2018年01月10日 11:04    作者:张衍凯    来源:山东反邪教    [纠错]

 

  傍晚沿着小区后面的护城河散步,心里陡起莫名的失落。若时光倒退,故乡村尾的树林,怕已蝉鸣阵阵,蛙声一片了。而今,我的耳畔传来的是遥远却清脆的车鸣。

  把我泡大了的老赵王河,断流且臭气冲天;檐头咕咕叫的白鸽,早不见了踪影;地里好吃的野果,随除草剂的喷洒无处寻觅……

  而立逾三,似乎越发怀旧。我怀念生于斯长于斯的故乡,还有那穷的像孙子却快乐的像爷的日子。

  以前的乡村四季分明,天蓝得可爱,风和温度按自然规律的调控吹拂与升降。春天,桃李争妍,野草吐绿,蝴蝶翩飞,蜜蜂嘤嘤;夏夜,邻居铺了凉席,搬了竹椅,摇着蒲扇驱赶溽暑,拉拉家常,谈谈收成。秋天,高粱耷拉下羞红了的脸,抽烟的老汉端详着金黄的包谷,漏出豁牙的嘴。冬天,雪下得尤其带劲,满地银装素裹,一旬见不了天日。小孩牵了细狗去野地逮兔子,大人们热炕上盘腿打牌。

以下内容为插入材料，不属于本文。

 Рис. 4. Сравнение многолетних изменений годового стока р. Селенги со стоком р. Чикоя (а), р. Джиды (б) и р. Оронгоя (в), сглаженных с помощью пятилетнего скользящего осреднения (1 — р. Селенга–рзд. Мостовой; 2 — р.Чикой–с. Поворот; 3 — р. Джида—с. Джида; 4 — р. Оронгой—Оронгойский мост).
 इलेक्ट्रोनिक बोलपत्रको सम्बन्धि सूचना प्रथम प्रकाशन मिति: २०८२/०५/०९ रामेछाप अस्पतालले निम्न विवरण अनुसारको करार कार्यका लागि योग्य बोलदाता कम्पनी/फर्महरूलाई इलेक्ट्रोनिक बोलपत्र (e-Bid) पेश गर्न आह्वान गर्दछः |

  雾霾?一个不曾有的词汇,空气里混合着野草的清新。来到城市,仰望满天的星星参北斗成为奢望。人们喜欢躲进空调屋,享受一年不变的恒温。人们远离河流,没有机会在水里游泳、捕鱼。更可悲的,有的小孩子分不清麦苗和韭菜。如今的乡下的情形也江河日下:河流枯竭,土地萎缩,雨雪稀少,庄稼收割基本依赖机器。人们逐渐拉开了与自然的距离,不愿意亲近泥土及它的培育品——麦子、大豆、辣椒、茅根、芦苇……

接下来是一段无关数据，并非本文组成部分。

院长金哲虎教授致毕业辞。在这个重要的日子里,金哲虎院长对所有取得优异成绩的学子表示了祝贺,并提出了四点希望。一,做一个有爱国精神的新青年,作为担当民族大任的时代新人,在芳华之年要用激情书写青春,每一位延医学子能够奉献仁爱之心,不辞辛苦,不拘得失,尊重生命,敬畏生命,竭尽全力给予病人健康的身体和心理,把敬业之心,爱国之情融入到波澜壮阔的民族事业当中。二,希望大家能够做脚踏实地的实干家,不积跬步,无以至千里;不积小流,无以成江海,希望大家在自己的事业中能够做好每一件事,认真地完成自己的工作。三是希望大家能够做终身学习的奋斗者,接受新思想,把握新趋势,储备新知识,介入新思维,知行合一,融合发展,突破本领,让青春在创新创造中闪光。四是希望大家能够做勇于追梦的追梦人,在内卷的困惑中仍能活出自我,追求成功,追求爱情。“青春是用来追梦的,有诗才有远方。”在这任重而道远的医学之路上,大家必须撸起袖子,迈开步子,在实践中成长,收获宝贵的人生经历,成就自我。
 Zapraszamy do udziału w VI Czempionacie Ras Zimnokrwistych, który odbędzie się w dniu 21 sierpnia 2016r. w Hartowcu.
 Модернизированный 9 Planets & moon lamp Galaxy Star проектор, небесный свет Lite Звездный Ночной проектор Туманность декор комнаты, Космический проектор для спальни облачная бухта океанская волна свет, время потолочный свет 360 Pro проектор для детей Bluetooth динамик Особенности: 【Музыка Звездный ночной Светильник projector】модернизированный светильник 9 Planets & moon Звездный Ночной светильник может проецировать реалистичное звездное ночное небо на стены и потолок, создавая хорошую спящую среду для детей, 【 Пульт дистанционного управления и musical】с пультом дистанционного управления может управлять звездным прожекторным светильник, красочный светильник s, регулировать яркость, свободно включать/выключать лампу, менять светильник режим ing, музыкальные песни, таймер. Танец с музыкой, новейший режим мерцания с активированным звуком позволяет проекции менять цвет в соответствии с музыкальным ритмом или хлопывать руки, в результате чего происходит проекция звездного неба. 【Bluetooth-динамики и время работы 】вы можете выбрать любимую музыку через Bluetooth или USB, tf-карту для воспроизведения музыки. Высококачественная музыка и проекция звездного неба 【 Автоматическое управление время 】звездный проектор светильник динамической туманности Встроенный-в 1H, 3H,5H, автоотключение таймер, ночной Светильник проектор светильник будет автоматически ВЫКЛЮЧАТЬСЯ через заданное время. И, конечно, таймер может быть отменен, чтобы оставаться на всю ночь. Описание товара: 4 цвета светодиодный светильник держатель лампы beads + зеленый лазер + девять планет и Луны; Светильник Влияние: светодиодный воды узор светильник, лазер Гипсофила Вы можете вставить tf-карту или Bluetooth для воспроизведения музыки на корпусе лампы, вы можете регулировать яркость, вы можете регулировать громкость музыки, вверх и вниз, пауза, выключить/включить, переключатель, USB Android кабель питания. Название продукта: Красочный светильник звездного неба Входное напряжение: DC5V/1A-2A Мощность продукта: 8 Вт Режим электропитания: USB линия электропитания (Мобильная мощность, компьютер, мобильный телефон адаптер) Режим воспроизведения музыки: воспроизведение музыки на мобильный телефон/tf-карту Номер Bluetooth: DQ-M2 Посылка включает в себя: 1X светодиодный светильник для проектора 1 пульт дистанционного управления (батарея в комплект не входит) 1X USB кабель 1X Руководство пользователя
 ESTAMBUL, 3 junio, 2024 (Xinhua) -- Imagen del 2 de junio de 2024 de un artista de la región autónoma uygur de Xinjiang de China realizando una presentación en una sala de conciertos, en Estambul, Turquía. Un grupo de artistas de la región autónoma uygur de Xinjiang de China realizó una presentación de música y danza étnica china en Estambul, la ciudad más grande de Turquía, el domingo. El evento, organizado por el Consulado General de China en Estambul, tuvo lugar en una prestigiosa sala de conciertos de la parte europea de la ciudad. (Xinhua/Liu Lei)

  一个村庄,往往由一户家庭繁衍生息,发枝散叶,逐渐有了几千人的规模。我的家乡万粮张人人姓张,没有杂姓,属于典型的同脉同根、聚族而居的宗法制乡村,左邻右舍一般都是一个家族或者近门子。炒菜缺了盐或酱油,吩咐小孩子出去讨一些,没有不成的,更不用说大方的人家做了好吃的还要分一些尝尝。农忙时分,一个好使唤的农具从这家传到那家,忙完自己地里的活给劳力少的人家搭把手,一碗水的报酬也不喝。红白喜事大家都乐于参与,好像自家的事情,不去说不过去似的。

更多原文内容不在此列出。